Exercise details: The expected result is a word-for-word copy of the entries, minus any pictures.

════

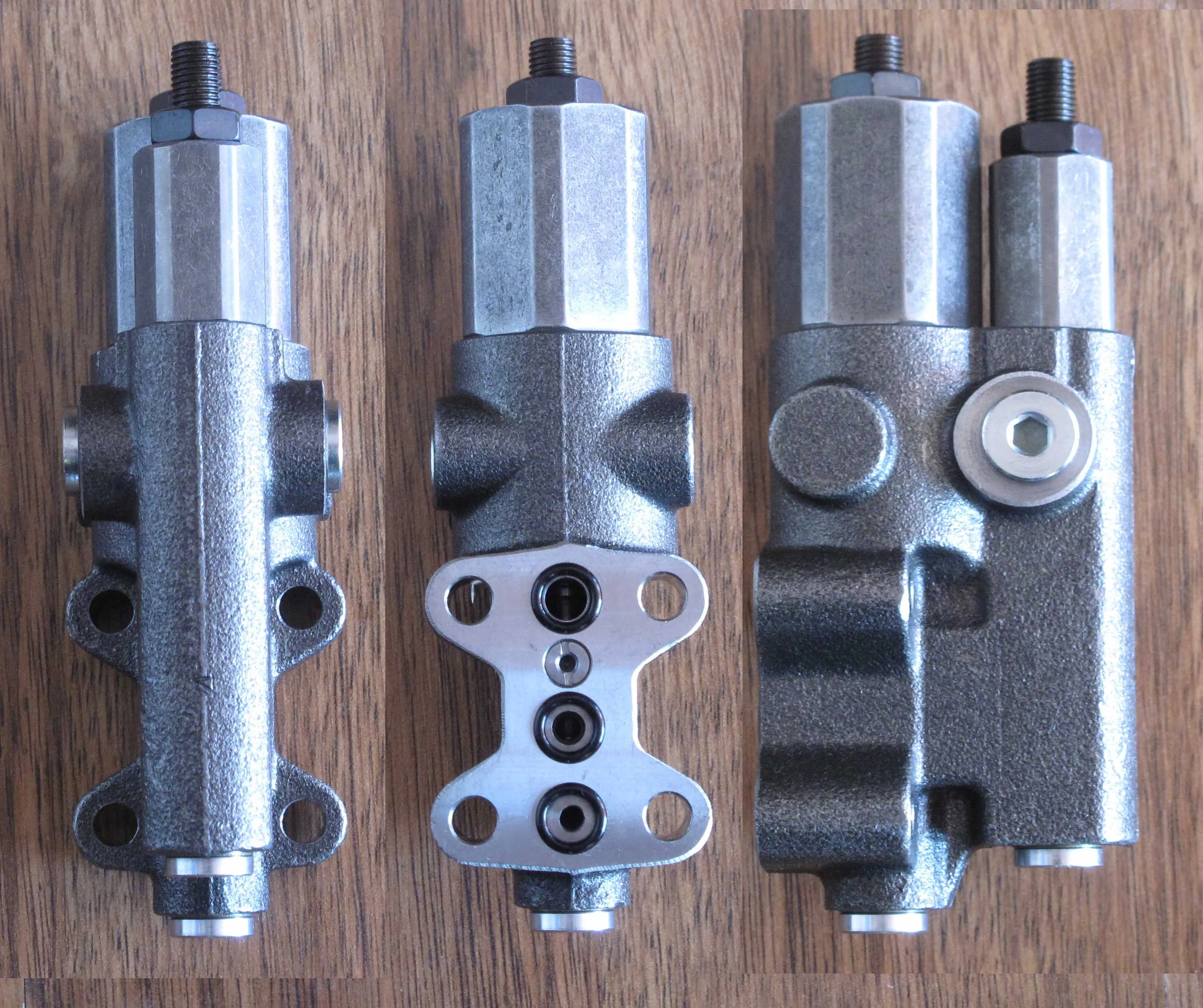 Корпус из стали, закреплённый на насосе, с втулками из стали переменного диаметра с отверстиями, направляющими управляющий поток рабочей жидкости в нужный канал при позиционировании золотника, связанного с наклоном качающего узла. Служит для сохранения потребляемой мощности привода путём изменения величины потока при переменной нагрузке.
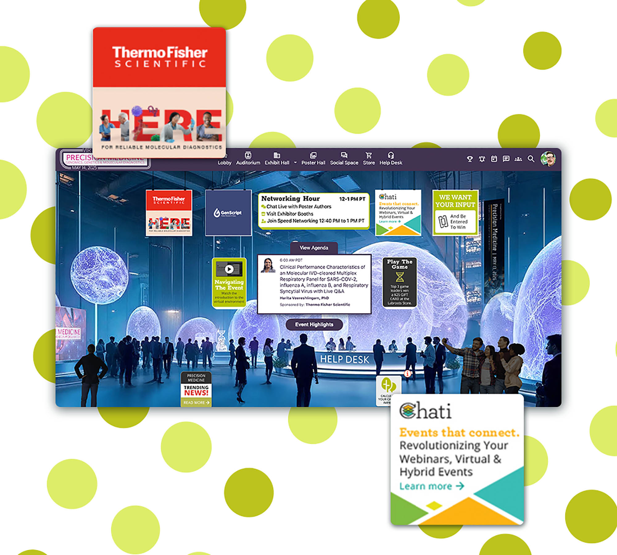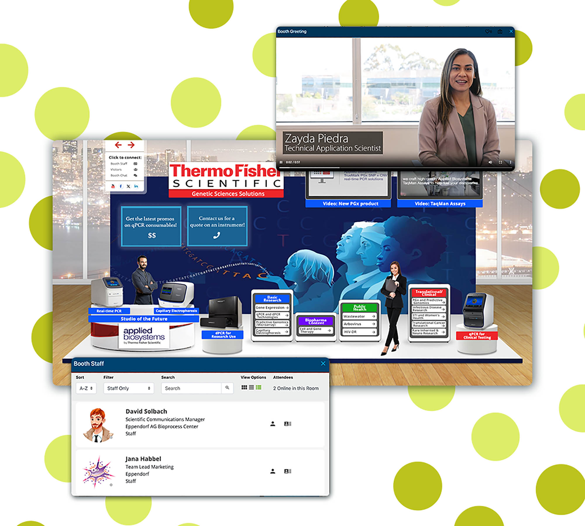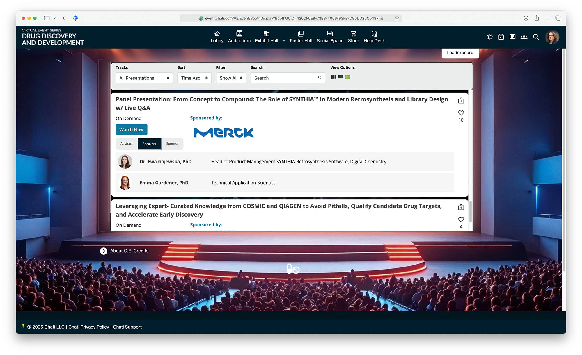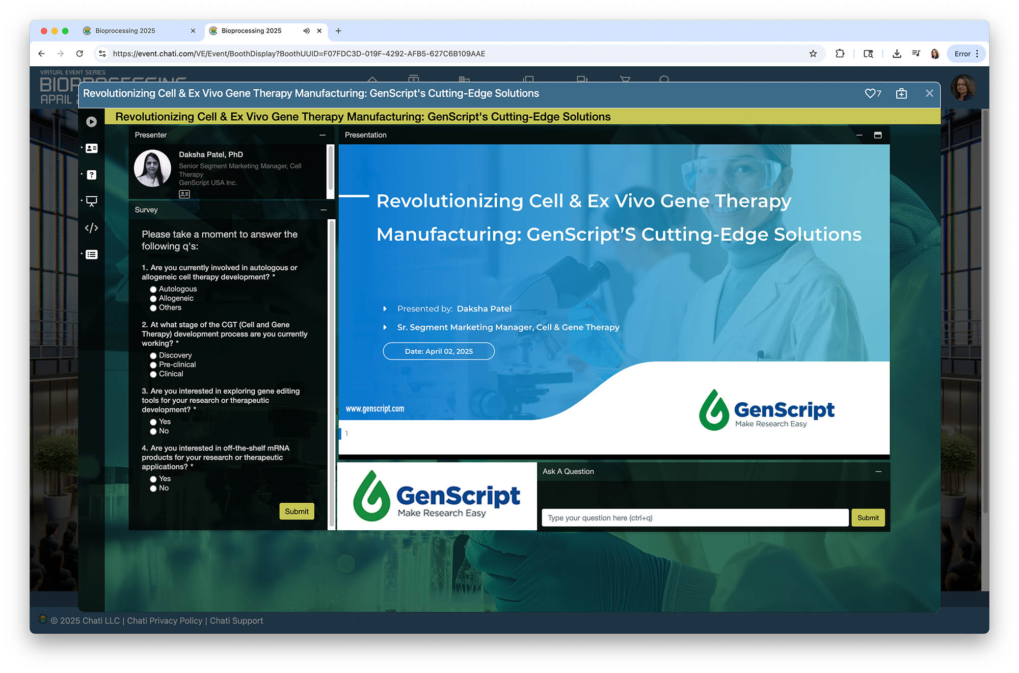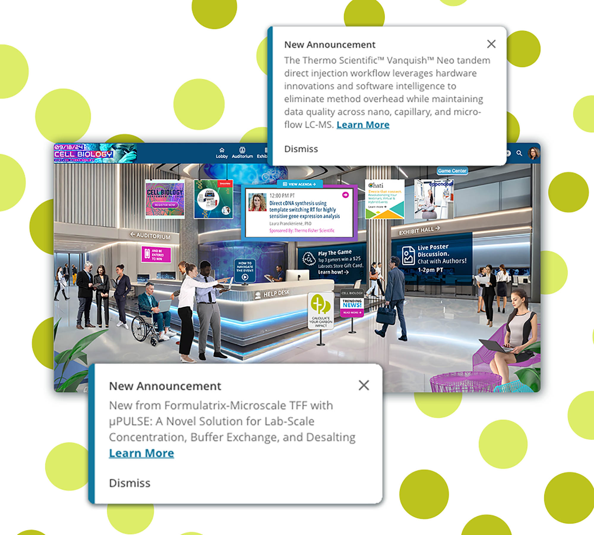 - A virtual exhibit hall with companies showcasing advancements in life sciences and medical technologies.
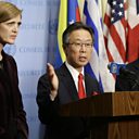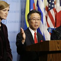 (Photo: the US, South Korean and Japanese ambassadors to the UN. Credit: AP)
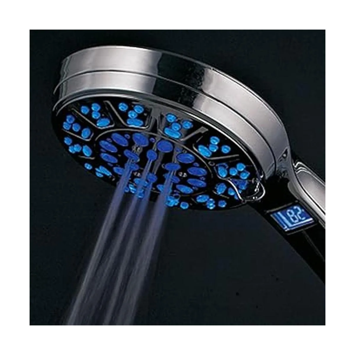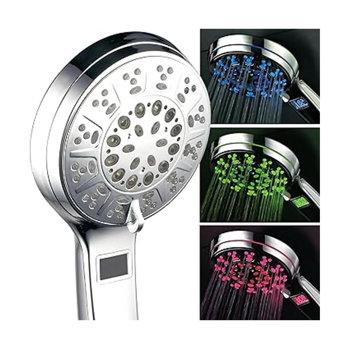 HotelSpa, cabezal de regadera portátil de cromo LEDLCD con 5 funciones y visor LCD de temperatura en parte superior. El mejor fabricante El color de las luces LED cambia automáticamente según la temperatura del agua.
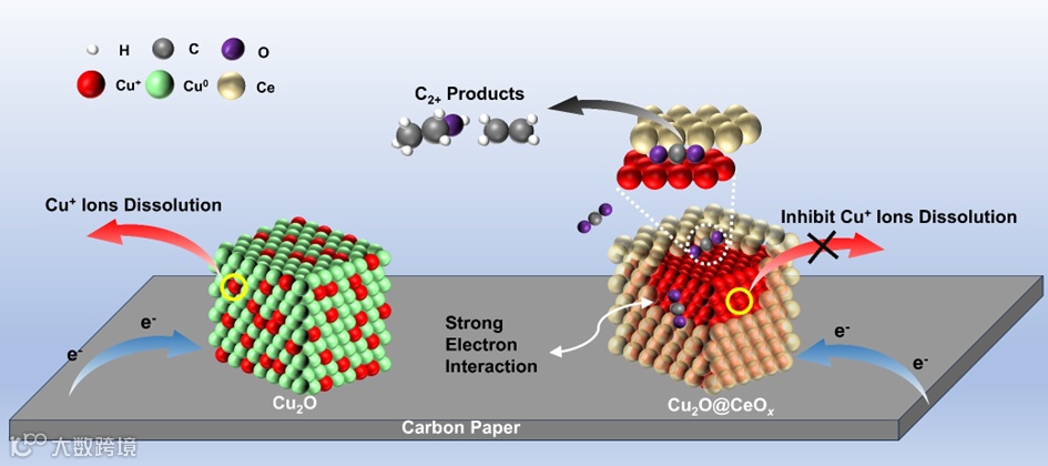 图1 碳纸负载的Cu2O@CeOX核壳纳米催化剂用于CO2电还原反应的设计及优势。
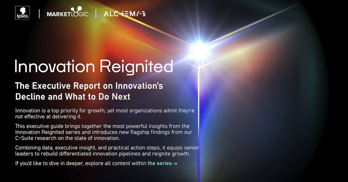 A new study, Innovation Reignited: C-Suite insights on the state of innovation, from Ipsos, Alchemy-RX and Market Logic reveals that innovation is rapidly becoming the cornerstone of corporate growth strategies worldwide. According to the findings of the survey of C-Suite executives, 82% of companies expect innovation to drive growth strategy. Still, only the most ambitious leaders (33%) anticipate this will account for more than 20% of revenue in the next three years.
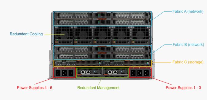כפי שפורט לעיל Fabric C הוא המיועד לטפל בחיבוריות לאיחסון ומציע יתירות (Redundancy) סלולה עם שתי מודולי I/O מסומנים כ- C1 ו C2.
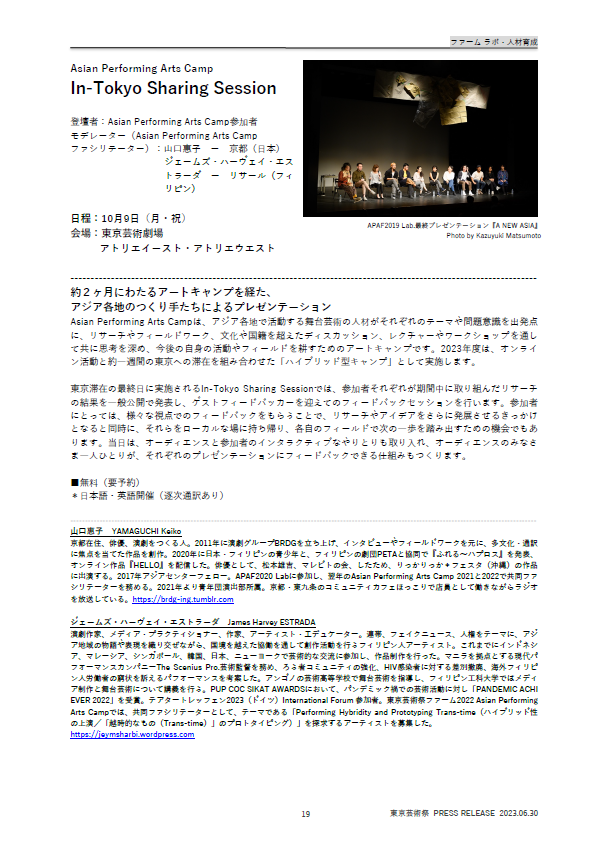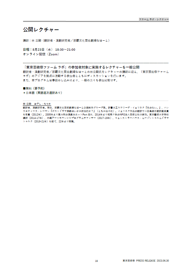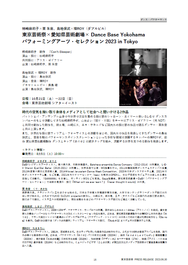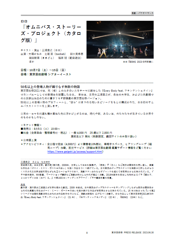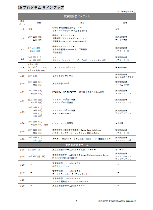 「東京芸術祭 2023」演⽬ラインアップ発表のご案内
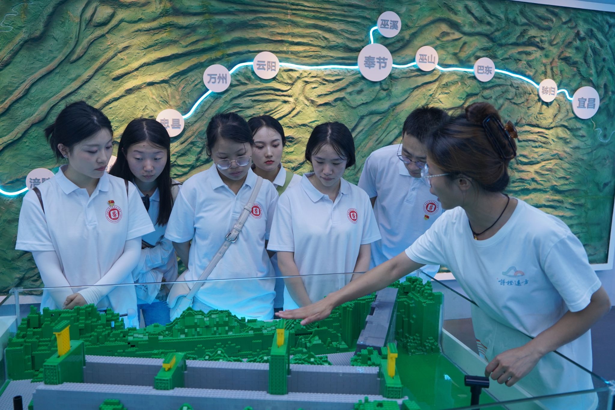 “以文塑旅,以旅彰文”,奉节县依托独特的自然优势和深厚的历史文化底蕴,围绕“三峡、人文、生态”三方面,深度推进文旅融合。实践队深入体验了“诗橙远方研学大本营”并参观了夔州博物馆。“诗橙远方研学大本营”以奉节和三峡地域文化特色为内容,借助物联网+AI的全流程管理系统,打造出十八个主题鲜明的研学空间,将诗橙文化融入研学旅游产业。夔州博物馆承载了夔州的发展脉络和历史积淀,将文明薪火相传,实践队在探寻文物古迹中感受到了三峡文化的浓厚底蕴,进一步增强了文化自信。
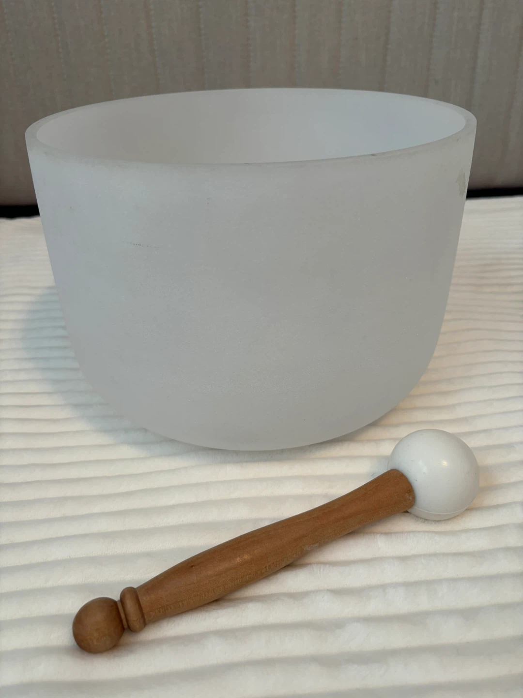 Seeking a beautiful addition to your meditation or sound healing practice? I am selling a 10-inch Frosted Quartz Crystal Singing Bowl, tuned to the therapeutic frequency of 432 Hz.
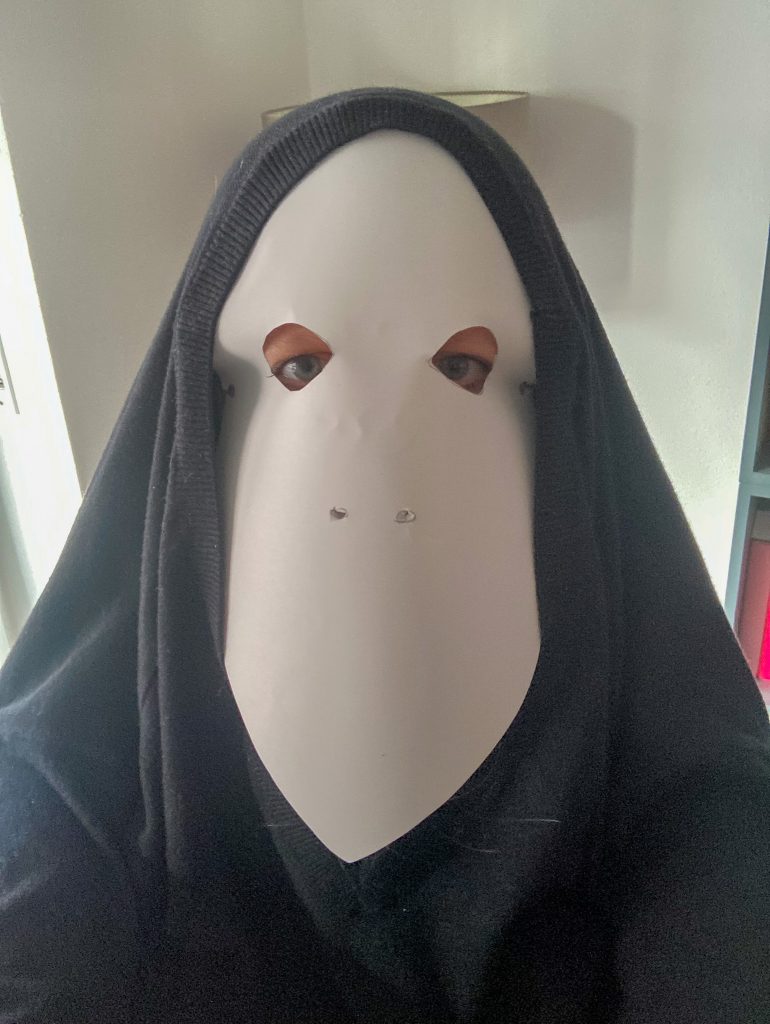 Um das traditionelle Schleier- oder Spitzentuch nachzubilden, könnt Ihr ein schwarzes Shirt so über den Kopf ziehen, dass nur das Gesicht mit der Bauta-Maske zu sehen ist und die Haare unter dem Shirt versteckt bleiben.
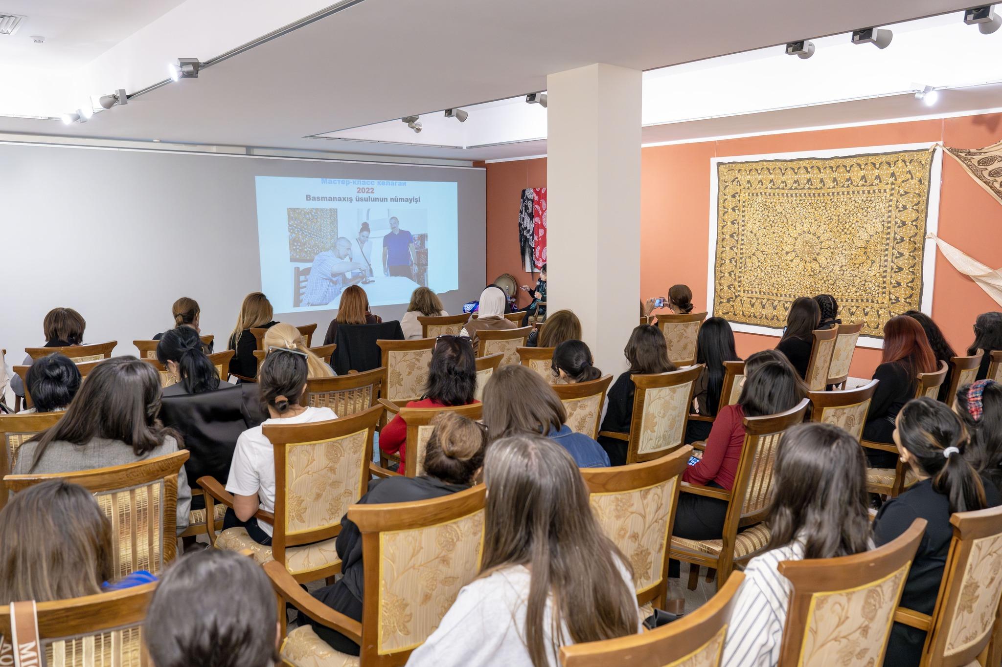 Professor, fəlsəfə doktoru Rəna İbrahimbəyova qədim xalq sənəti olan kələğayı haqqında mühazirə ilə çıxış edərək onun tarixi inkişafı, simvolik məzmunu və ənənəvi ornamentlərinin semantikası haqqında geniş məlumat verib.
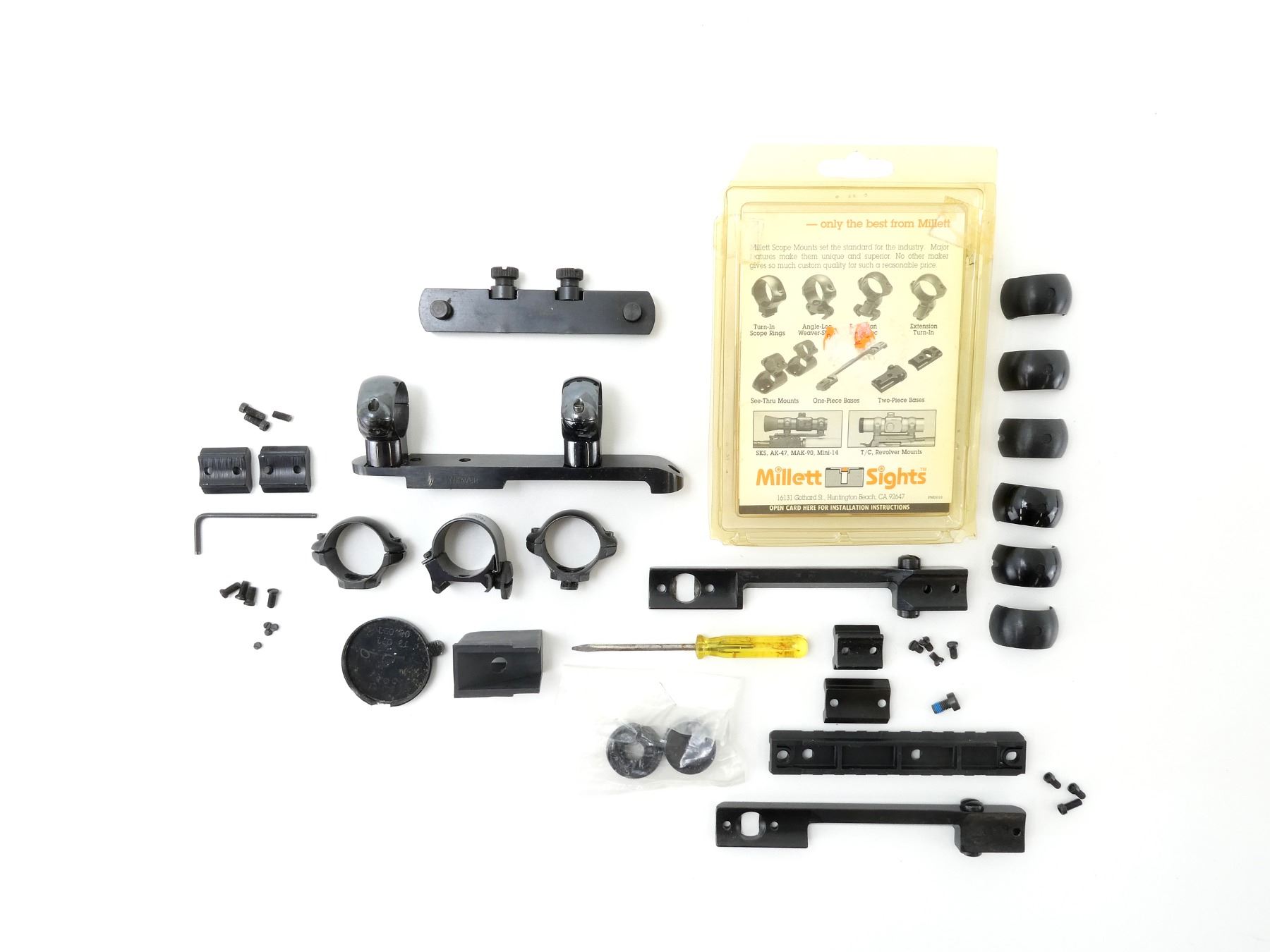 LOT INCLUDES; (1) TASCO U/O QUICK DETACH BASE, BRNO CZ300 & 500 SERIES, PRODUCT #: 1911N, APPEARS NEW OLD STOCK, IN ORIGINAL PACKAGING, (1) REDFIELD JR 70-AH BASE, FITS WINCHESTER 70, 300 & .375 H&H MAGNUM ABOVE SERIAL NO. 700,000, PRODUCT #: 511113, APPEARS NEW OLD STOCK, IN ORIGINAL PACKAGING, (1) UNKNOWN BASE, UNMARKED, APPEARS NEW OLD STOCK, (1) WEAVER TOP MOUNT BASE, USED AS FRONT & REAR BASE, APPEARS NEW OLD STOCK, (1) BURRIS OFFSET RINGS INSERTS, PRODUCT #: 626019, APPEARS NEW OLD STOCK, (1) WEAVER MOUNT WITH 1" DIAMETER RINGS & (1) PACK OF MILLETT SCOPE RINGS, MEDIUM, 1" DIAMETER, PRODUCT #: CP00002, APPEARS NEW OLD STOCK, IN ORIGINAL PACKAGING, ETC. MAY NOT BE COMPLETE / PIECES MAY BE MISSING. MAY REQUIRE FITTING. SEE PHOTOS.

════

Response:
 Корпус из стали, закреплённый на насосе, с втулками из стали переменного диаметра с отверстиями, направляющими управляющий поток рабочей жидкости в нужный канал при позиционировании золотника, связанного с наклоном качающего узла. Служит для сохранения потребляемой мощности привода путём изменения величины потока при переменной нагрузке.
 - A virtual exhibit hall with companies showcasing advancements in life sciences and medical technologies.
 (Photo: the US, South Korean and Japanese ambassadors to the UN. Credit: AP)
 HotelSpa, cabezal de regadera portátil de cromo LEDLCD con 5 funciones y visor LCD de temperatura en parte superior. El mejor fabricante El color de las luces LED cambia automáticamente según la temperatura del agua.
 图1 碳纸负载的Cu2O@CeOX核壳纳米催化剂用于CO2电还原反应的设计及优势。
 A new study, Innovation Reignited: C-Suite insights on the state of innovation, from Ipsos, Alchemy-RX and Market Logic reveals that innovation is rapidly becoming the cornerstone of corporate growth strategies worldwide. According to the findings of the survey of C-Suite executives, 82% of companies expect innovation to drive growth strategy. Still, only the most ambitious leaders (33%) anticipate this will account for more than 20% of revenue in the next three years.
כפי שפורט לעיל Fabric C הוא המיועד לטפל בחיבוריות לאיחסון ומציע יתירות (Redundancy) סלולה עם שתי מודולי I/O מסומנים כ- C1 ו C2.
 「東京芸術祭 2023」演⽬ラインアップ発表のご案内
 “以文塑旅,以旅彰文”,奉节县依托独特的自然优势和深厚的历史文化底蕴,围绕“三峡、人文、生态”三方面,深度推进文旅融合。实践队深入体验了“诗橙远方研学大本营”并参观了夔州博物馆。“诗橙远方研学大本营”以奉节和三峡地域文化特色为内容,借助物联网+AI的全流程管理系统,打造出十八个主题鲜明的研学空间,将诗橙文化融入研学旅游产业。夔州博物馆承载了夔州的发展脉络和历史积淀,将文明薪火相传,实践队在探寻文物古迹中感受到了三峡文化的浓厚底蕴,进一步增强了文化自信。
 Seeking a beautiful addition to your meditation or sound healing practice? I am selling a 10-inch Frosted Quartz Crystal Singing Bowl, tuned to the therapeutic frequency of 432 Hz.
 Um das traditionelle Schleier- oder Spitzentuch nachzubilden, könnt Ihr ein schwarzes Shirt so über den Kopf ziehen, dass nur das Gesicht mit der Bauta-Maske zu sehen ist und die Haare unter dem Shirt versteckt bleiben.
 Professor, fəlsəfə doktoru Rəna İbrahimbəyova qədim xalq sənəti olan kələğayı haqqında mühazirə ilə çıxış edərək onun tarixi inkişafı, simvolik məzmunu və ənənəvi ornamentlərinin semantikası haqqında geniş məlumat verib.
 LOT INCLUDES; (1) TASCO U/O QUICK DETACH BASE, BRNO CZ300 & 500 SERIES, PRODUCT #: 1911N, APPEARS NEW OLD STOCK, IN ORIGINAL PACKAGING, (1) REDFIELD JR 70-AH BASE, FITS WINCHESTER 70, 300 & .375 H&H MAGNUM ABOVE SERIAL NO. 700,000, PRODUCT #: 511113, APPEARS NEW OLD STOCK, IN ORIGINAL PACKAGING, (1) UNKNOWN BASE, UNMARKED, APPEARS NEW OLD STOCK, (1) WEAVER TOP MOUNT BASE, USED AS FRONT & REAR BASE, APPEARS NEW OLD STOCK, (1) BURRIS OFFSET RINGS INSERTS, PRODUCT #: 626019, APPEARS NEW OLD STOCK, (1) WEAVER MOUNT WITH 1" DIAMETER RINGS & (1) PACK OF MILLETT SCOPE RINGS, MEDIUM, 1" DIAMETER, PRODUCT #: CP00002, APPEARS NEW OLD STOCK, IN ORIGINAL PACKAGING, ETC. MAY NOT BE COMPLETE / PIECES MAY BE MISSING. MAY REQUIRE FITTING. SEE PHOTOS.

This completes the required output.